I’m not a huge fan of mystery novels. I like my fiction to be more character-centered. That’s why, when I sat down to review Dead Ex by Harley Jane Kozak, I was uncertain.

I’m not a huge fan of mystery novels. I like my fiction to be more character-centered. That’s why, when I sat down to review Dead Ex by Harley Jane Kozak, I was uncertain. It’s not that mystery novels can’t be good, it’s that they usually aren’t. Dead Ex is not an example of a good mystery novel.

Any novel that opens with “Men, in my experience, do not like being interrupted during sex by a ringing telephone” grabs my attention, a definite mark in favor of Kozak’s debut. But that opening line also happens to characterize the rest of the book very well–both the good and the bad of it.

Read through the sentence again, ignoring the titillating situational set up, and you run into what will become one of the greatest drawbacks throughout the story: construction.

Overall, Kozak’s writing just isn’t very fluent. Her sentences are too long and her language is too simplistic and loose. And while perhaps an editor should have had a nice sit-down with Kozak, it certainly isn’t typos that make the book clunky. It is at worst physically hard to read and, at best, comparable to what you expect from a high school writing project.

Grammatically, for the written word at least, sentences like “Cop jargon came naturally to Joey, as half of her family was in law enforcement and she herself had saved up for college by working in a morgue, but wouldn’t ‘He committed suicide’ have done the job as well?” are allowed. Unfortunately, being allowed within the rules of English does not make them good choices for popular fiction.

Maybe that is being too hard on the author, though. At times, I did find myself engaged, even willing to accept Kozak’s problematic writing style–if only to learn more about the characters. The story is interesting and engaging in the way that soap operas are, which considering that most of the characters are somehow involved in the soap industry, makes sense.

Kozak chose the perfect setting for the outrageous events that occur throughout the book. Where else but Hollywood could catty fashion incidents, designer hand bags, FBI agents, exploding buildings, and wacky, CATS-obsessed neighbors come together in a perfectly plausible storyline? The world she creates is full of insight and thought, probably due to her own experience living and working in it.

For the most part, believability isn’t one of Kozak’s problems. Her characters, though a little strange, are honest. Also, Kozak doesn’t waste her reader’s time (very much).
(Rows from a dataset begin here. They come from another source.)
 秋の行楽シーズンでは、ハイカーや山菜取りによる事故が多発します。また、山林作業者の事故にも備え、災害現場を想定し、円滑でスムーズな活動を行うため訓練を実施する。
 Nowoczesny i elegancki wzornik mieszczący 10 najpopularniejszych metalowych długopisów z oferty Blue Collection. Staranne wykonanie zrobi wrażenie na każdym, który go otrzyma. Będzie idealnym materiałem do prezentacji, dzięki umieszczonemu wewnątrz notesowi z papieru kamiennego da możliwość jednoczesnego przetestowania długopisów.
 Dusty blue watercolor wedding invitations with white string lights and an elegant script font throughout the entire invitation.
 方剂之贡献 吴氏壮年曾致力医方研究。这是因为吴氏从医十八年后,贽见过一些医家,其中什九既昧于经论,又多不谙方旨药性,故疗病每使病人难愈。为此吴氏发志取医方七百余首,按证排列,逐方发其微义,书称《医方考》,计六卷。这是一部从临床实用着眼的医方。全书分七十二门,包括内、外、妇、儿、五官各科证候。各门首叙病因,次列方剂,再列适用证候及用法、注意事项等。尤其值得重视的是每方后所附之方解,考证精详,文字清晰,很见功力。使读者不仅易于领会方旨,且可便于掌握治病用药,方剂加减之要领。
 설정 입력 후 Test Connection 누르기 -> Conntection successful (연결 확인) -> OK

For a mystery writer especially, she is quite economic and discerning in her placement of clues and other vital information. Only towards the end do the pieces begin to come together in that far-too-easy way, classic of the mystery genre.
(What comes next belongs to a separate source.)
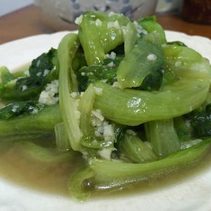 生菜炒至断生,放另一半蒜泥,微炒,放蚝油,再稍微炒一下,放盐,出锅~

On the other hand, information, as typical in mystery, is just laying around at everyone’s (except the cops’ of course) discretion. And while, as I mentioned, there isn’t a lot of excess getting in the way of the plot, the over-arching Greek theme could probably have been left out. Her effort to use the Greek epics to bring home the final moral of the story falls a bit flat. The protagonist’s romantic interest and their relationship is a bit underdeveloped. We are supposed to believe that there is marriage on the horizon for these two, when the depth of their relationship seems to go about as far as the time it takes them to get their clothes off. Nothing ever gets resolved at this plot point.
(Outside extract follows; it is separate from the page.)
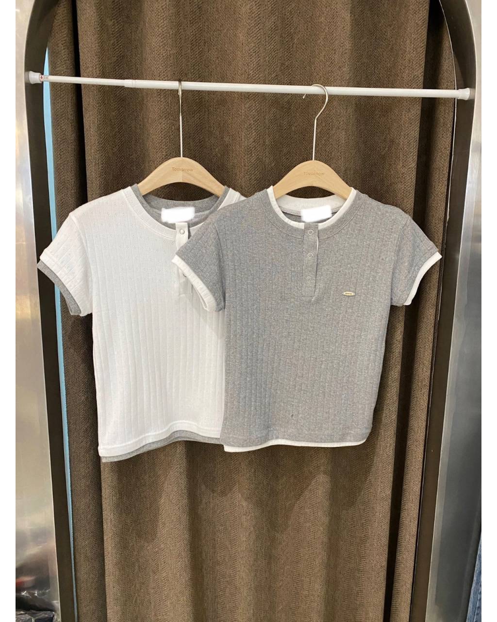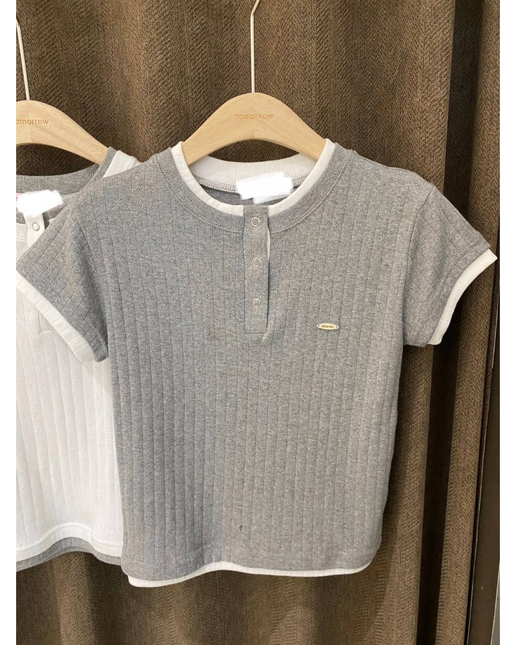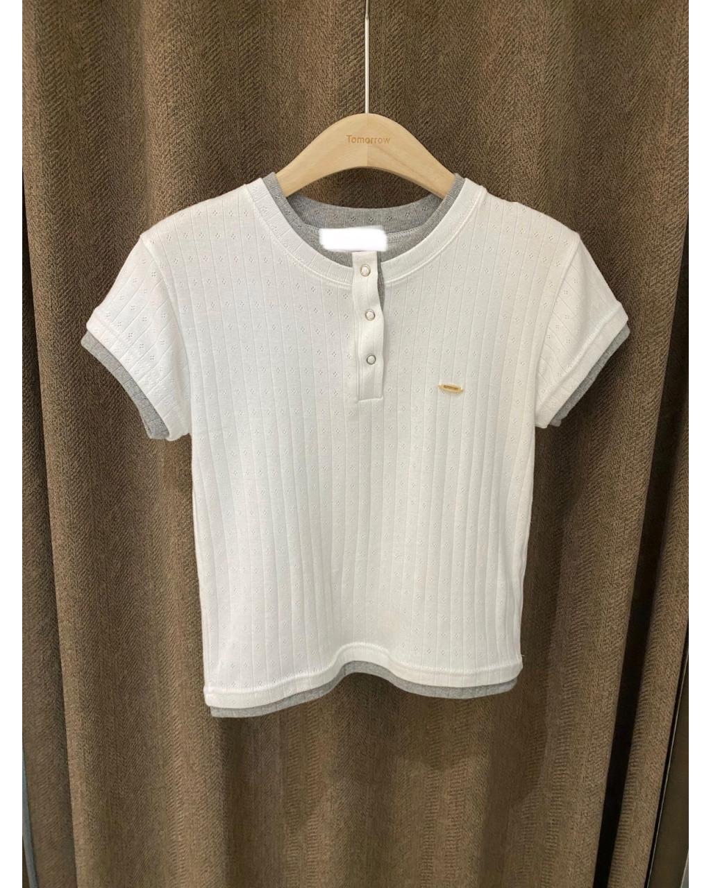 T339 | 坑紋半開襟假兩件短袖上衣

Finally, and this is something that seems unavoidable in pop-genre fiction, the story has its strong dose of the cliche. When super-macho, expertly procedural FBI man Simon says to our protagonist Wollie, “You don’t know what you’re doing. You may have the guts but you’ve got no training, experience, or even intelligence at the moment,” it’s enough to drop the book for fear the bad dialogue might be contagious. And though I won’t deny the guilty interest I have for the dramatic characters, I’m not sure that there is enough to recommend picking it back up. In other words, if you’re bored out of your mind at the airport, Greyhound station, train station or other transportation hub, and you see it lying around–pick it up. But otherwise, don’t bother. Dead Ex is mostly fluff and a lot of awkward sentences. Yeah, there are some interesting tidbits to be found within its pages, especially for fans of the genre. But in general, there are other authors out there that do it better.